= Suyash Gargate =

Indian kho kho player

Suyash Vishwas Gargate (born 8 June 1997) is an Indian kho kho player from Maharashtra. He plays for the India men's national kho kho team as an all-rounder. He was part of the Indian men’s team that won the inaugural Kho Kho World Cup held at New Delhi in January 2025. He plays for Gujarat Giants in the Ultimate Kho Kho (UKK), a franchise based league tournament. Giants won the UKK in their second season in 2024.

== Early life and education ==
Gargate is from Vijaynagar Colony, Pune, Maharashtra.  He has an elder brother. He completed his BSc in computer science and later, did an MA in economics. He started playing kho kho in 2007. In September 2024, he was recruited by the Department of School Education and Sports, Government of Maharashtra, as a Sports Executive Officer (Training), a Group B gazetted post.

== Career ==
In January 2025, Gargate was part of the Indian team that won the inaugural Kho Kho World Cup at New Delhi. The Indian team were placed in Group A and defeated Nepal, Brazil, Peru and Bhutan in the group stages. In the quarterfinals, India defeated Sri Lanka and beat South Africa 62-42 in the semifinals. In the finals, India defeated Nepal 54-36 to lift their maiden World Cup.

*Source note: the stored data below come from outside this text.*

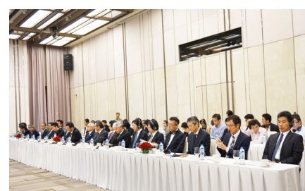
Doanh nghiệp Nhật Bản dự hội nghị Bàn tròn lần thứ 13 năm 2014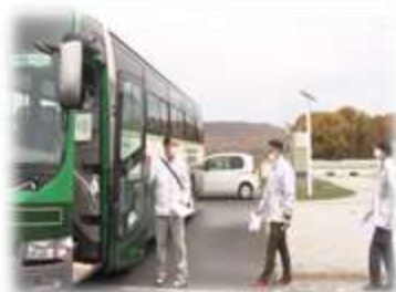
住民避難訓練 (バスによる避難)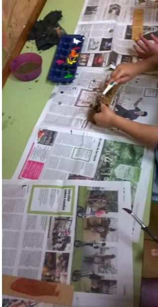
5. irudia: Kaskainetak sortzen.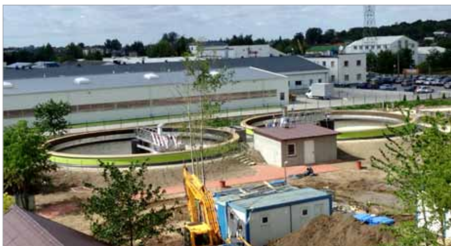
Osadniki Wtórne Radialne

O dalszym postępie prac i ewentualnych problemach realizacyjnych będziemy Państwa informowali w kolejnych artykułach zamieszczonych na łamach „Gazety Babickiej” i na naszej stronie internetowej.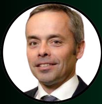
Pierre Jacquot Edmond de Rothschild REIM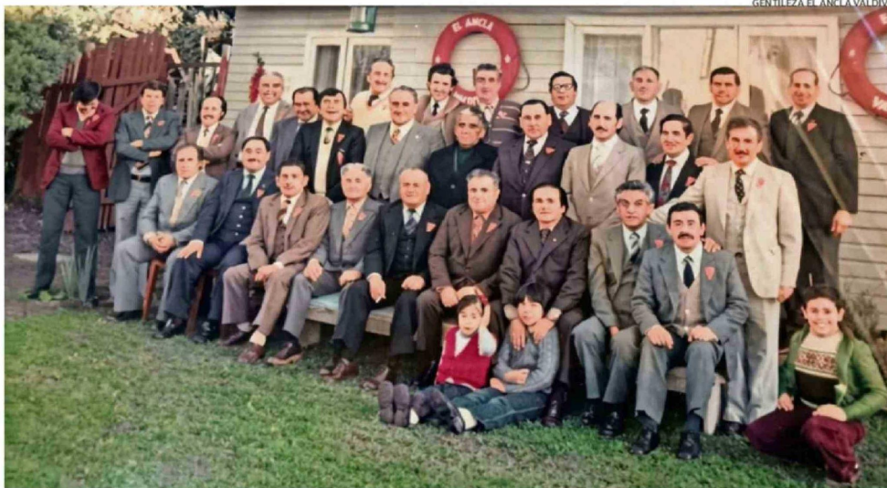
LOS FUNDADORES DEL CÍRCULO DEL PERSONAL EN RETIRO DE LA ARMADA NACIONAL "EL ANCLA" DE VALDIVIA, SE REUNIERON EL 21 DE MAYO DE 1976.

PARTICIPACIÓN. Actualmente la institución cuenta con 45 socios y hoy su directiva depositará una ofrenda floral en la ceremonia de homenaje a los héroes de Iquique.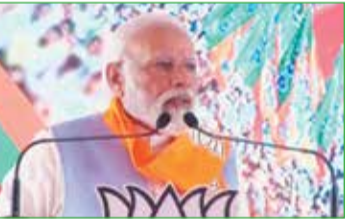
ಕಾಂಗ್ರೆಸ್ ಪಕ್ಷದ ಇತಿಹಾಸ ಹಾಗೂ ಚಿಂತನೆ ಯನ್ನು ರಾಜ್ಯದ ಜನರು ಎಂದೂ ಮರೆಯ

ಚಿತ್ರದುರ್ಗ, ಮೇ 2 - ಕಾಂಗ್ರೆಸ್ ಪಕ್ಷವು ಉಗ್ರವಾದಿ ಹಾಗೂ ಉಗ್ರವಾದಿಗಳ ಓಲೈಕೆಯ ಇತಿಹಾಸ ಹೊಂದಿದೆ ಎಂದು ಪ್ರಧಾನ ಮಂತ್ರಿ ನರೇಂದ್ರ ಮೋದಿ ಆರೋಪಿಸಿದ್ದಾರೆ. ಚಿತ್ರದುರ್ಗದಲ್ಲಿ ಆಯೋಜಿಸಲಾಗಿದ್ದ ಚುನಾವಣಾ ಸಮಾವೇಶದಲ್ಲಿ ಮಾತನಾಡಿದ ಅವರು, ಸರ್ಜೆಟ್ ದಾಳಿ ಹಾಗೂ ವೈಮಾನಿಕ ದಾಳಿಗಳನ್ನು ನಡೆಸಿದಾಗ ಕಾಂಗ್ರೆಸ್ ರಕ್ಷಣಾ ಪಡೆಗಳನ್ನು ಪ್ರಶ್ನಿಸಿದ ಎಂದು ಹೇಳಿದರು.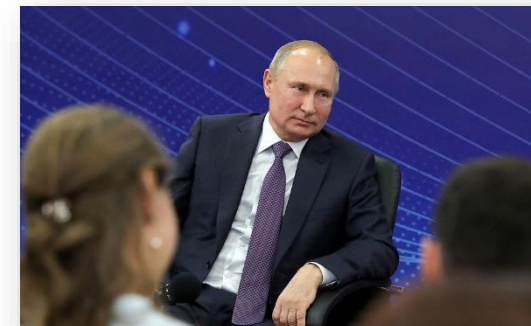
Президент РФ Владимир Путин на встрече с представителями общественности в Светлогорске Калининградской области.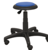
TOBY T BL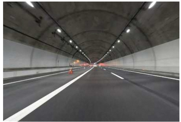
現況写真(2026年2月時点)

E1A 新名神(亀山西JCT～大津JCT(仮称))6車線化事業の詳細については、 新名神6車線化工事専用WEBサイト をご覧ください。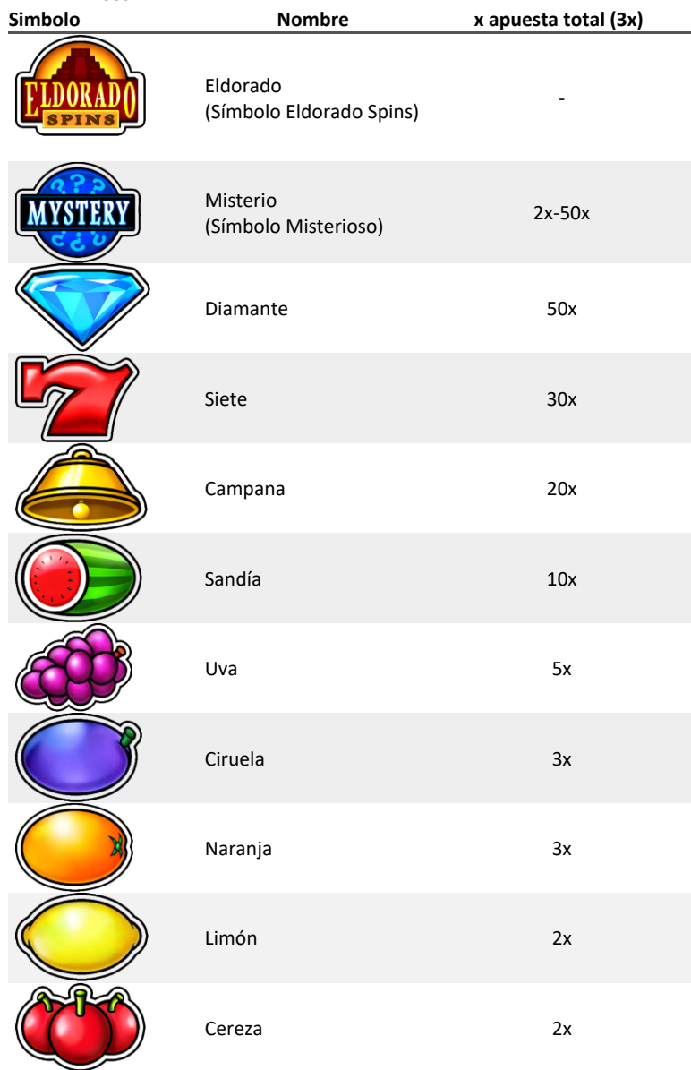
TABLA DE PAGOS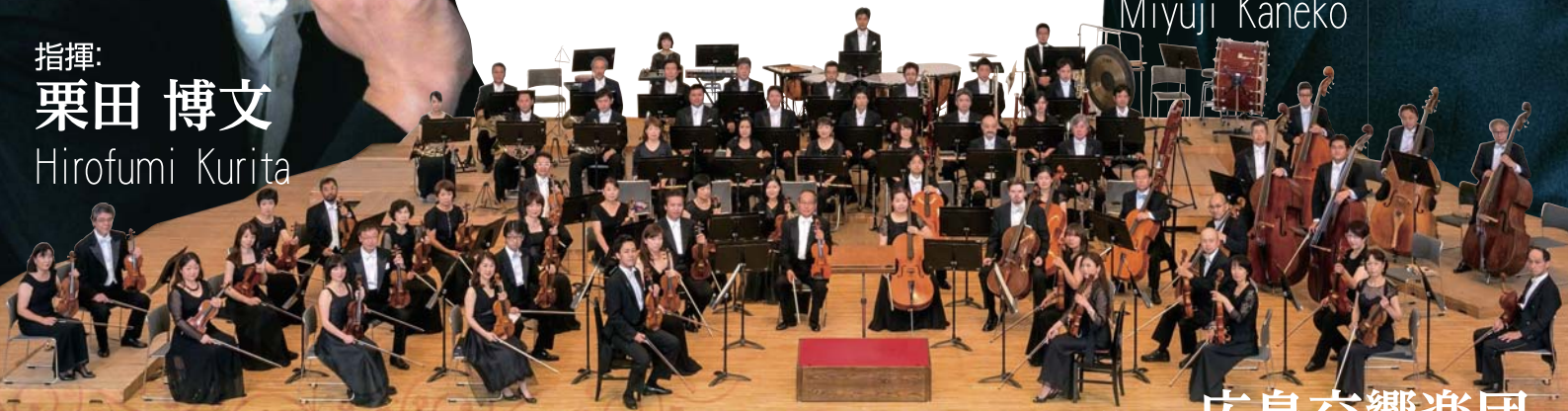
管弦楽： 広島交響楽団

2017 1.15 開演／14:30 開場／14:00 呉市文化ホール 呉市中央3丁目10-1 http://kure-bunka.jp/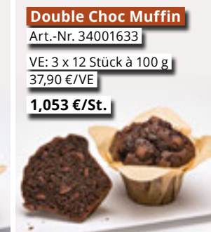
Double Choc Muffin Art.-Nr. 34001633 VE: 3 x 12 Stück à 100 g 37,90 €/VE 1,053 €/St.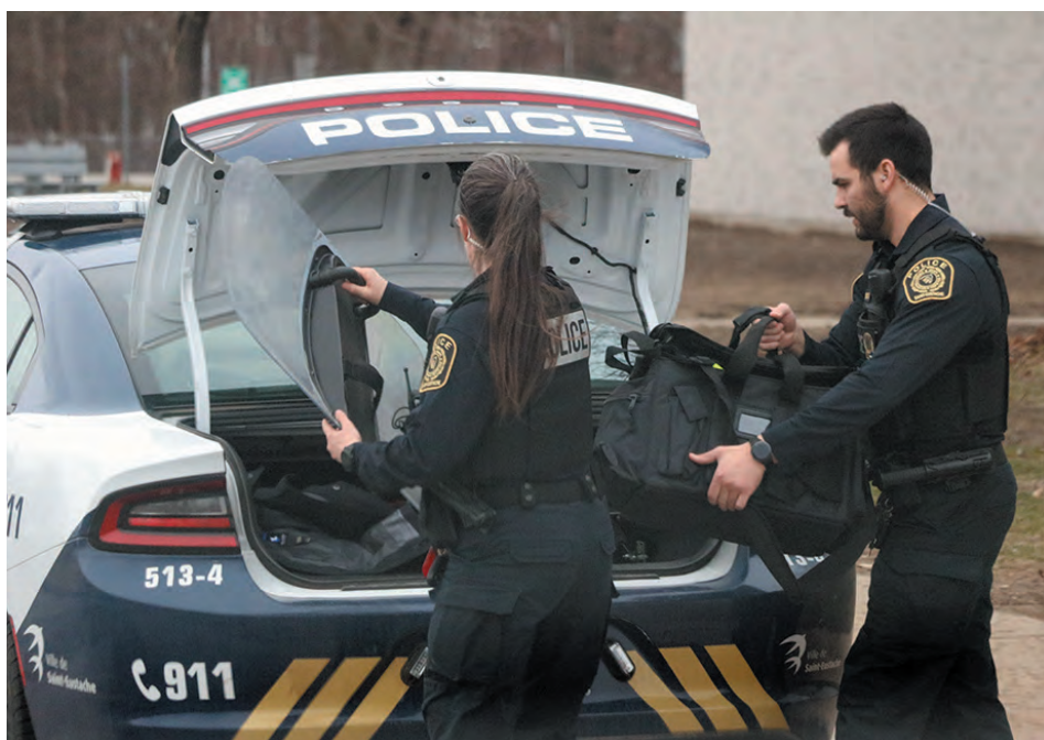
À l'École secondaire des Patriotes, on tente de ramener l'ordre.

ANNE-MERLINE EUGÈNE / ameugene@groupejcl.ca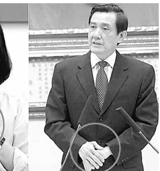
■喬納瓦羅分析發現，馬英九緊張時有揉手指的習慣動作(右)，蔡英文說話時會不時摸著胸口。

來形容蔡英文，這在美國是指偏向「技術官僚」的政治人物。他認為，蔡英文看起來雖然不是充滿活力的人，但對於她所表達的意思，倒是非常完整。

He represented Maharashtra in various Senior National Kho Kho Championships and won a gold and a silver medal. In 2024, he was part of the Gujarat Giants team that won the second season of the Ultimate Kho Kho league and then played for Maharashtra team that won the 56th Senior National Kho Kho Championship. He played for India in the test series against Nepal and England. He also played for Airports Authority of India.